Ammonium sulfamate (or ammonium sulphamate) is a white crystalline solid, readily soluble in water. It is commonly used as a broad spectrum herbicide, with additional uses as a compost accelerator, flame retardant and in industrial processes.

==Manufacture and distribution==
It is a salt formed from ammonia and sulfamic acid.

Ammonium sulfamate is distributed under the following tradenames, which are principally herbicidal product names: Amicide, Amidosulfate, Ammate, Amcide, Ammate X-NI, AMS, Fyran 206k, Ikurin, Sulfamate, AMS and Root-Out.

==Uses==

===Herbicide===
Ammonium sulfamate is considered to be particularly useful in controlling tough woody weeds, tree stumps and brambles.

Ammonium sulfamate has been successfully used in several major UK projects by organisations like the British Trust for Conservation Volunteers, English Heritage, the National Trust, and various railway, canal and waterways authorities.

Several years ago the Henry Doubleday Research Association (HDRA) (known as Garden Organic), published an article on ammonium sulfamate after a successful set of herbicide trials. Though not approved for use by organic growers it does provide an option when alternatives have failed.

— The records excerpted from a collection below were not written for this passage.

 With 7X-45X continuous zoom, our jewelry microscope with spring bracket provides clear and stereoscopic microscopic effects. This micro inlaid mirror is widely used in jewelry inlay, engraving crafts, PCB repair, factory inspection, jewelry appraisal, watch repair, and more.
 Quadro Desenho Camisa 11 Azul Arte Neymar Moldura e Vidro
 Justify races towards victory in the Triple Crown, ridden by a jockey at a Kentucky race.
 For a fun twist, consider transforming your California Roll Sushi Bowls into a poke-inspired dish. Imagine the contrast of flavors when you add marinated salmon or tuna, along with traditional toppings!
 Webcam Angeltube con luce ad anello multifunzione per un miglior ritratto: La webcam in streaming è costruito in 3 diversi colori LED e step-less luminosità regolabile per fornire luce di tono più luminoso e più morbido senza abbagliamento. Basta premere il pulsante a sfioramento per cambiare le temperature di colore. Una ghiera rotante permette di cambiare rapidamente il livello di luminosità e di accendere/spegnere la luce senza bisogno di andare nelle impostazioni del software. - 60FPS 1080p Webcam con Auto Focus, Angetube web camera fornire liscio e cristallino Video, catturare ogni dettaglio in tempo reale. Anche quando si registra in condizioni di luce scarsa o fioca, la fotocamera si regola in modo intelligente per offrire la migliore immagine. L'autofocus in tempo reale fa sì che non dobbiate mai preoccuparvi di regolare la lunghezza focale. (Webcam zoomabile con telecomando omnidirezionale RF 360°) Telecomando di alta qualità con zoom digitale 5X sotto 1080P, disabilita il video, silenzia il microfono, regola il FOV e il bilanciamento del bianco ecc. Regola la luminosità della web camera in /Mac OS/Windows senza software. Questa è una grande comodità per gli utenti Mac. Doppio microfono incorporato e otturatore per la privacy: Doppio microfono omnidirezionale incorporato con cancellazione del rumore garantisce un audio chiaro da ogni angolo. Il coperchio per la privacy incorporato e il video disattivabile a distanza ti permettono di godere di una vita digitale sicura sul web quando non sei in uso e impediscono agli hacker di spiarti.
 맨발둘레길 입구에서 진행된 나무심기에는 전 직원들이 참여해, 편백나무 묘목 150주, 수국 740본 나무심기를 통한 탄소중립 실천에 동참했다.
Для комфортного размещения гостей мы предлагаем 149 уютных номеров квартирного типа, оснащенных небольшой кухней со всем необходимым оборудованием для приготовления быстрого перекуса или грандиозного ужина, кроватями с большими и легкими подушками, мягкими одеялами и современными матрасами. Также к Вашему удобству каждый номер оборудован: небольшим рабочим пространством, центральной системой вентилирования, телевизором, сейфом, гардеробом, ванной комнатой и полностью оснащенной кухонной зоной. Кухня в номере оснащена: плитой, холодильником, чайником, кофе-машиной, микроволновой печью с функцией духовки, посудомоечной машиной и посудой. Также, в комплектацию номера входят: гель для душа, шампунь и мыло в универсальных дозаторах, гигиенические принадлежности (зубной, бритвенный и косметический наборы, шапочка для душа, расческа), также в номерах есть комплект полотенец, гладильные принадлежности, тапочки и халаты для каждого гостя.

The following problem weeds / plants can be controlled:
Japanese Knotweed (Reynoutria japonica, syn. Fallopia japonica),
Marestail / Horsetail (Equisetum),
Ground-elder (Aegopodium podagraria),
Rhododendron ponticum,
Brambles,
Brushwood,
Ivy (Hedera species),
Senecio/Ragwort,
Honey fungus (Armillaria), and
felled tree stumps and most other tough woody specimens.

===Compost accelerator===
Ammonium sulfamate is used as a composting accelerator in horticultural settings. It is especially effective in breaking down the tougher and woodier weeds put onto the compost heap.

===Flame retardant===
Ammonium sulfamate (like other ammonium salts, e.g. ammonium dihydrogen phosphate, ammonium sulfate) is a useful flame retardant. These salt based flame retardants offer advantages over other metal/mineral-based flame retardants in that they are water processable. Their relatively low decomposition temperature makes them suitable for flame retarding cellulose based materials (paper/wood). Ammonium sulfamate (like ammonium dihydrogen phosphate) is sometimes used in conjunction with magnesium sulfate or ammonium sulfate (in ratios of approximately 2:1) for enhanced flame retardant properties.

===Other uses===
Within industry ammonium sulfamate is used as a flame retardant, a plasticiser and in electro-plating. Within the laboratory it is used as a reagent.

==Safety==
Ammonium sulfamate is considered to be only slightly toxic to humans and other animals, making it appropriate for amateur home garden, professional and forestry uses. It is generally accepted to be safe for use on plots of land that will be used for growing fruit and vegetables intended for consumption.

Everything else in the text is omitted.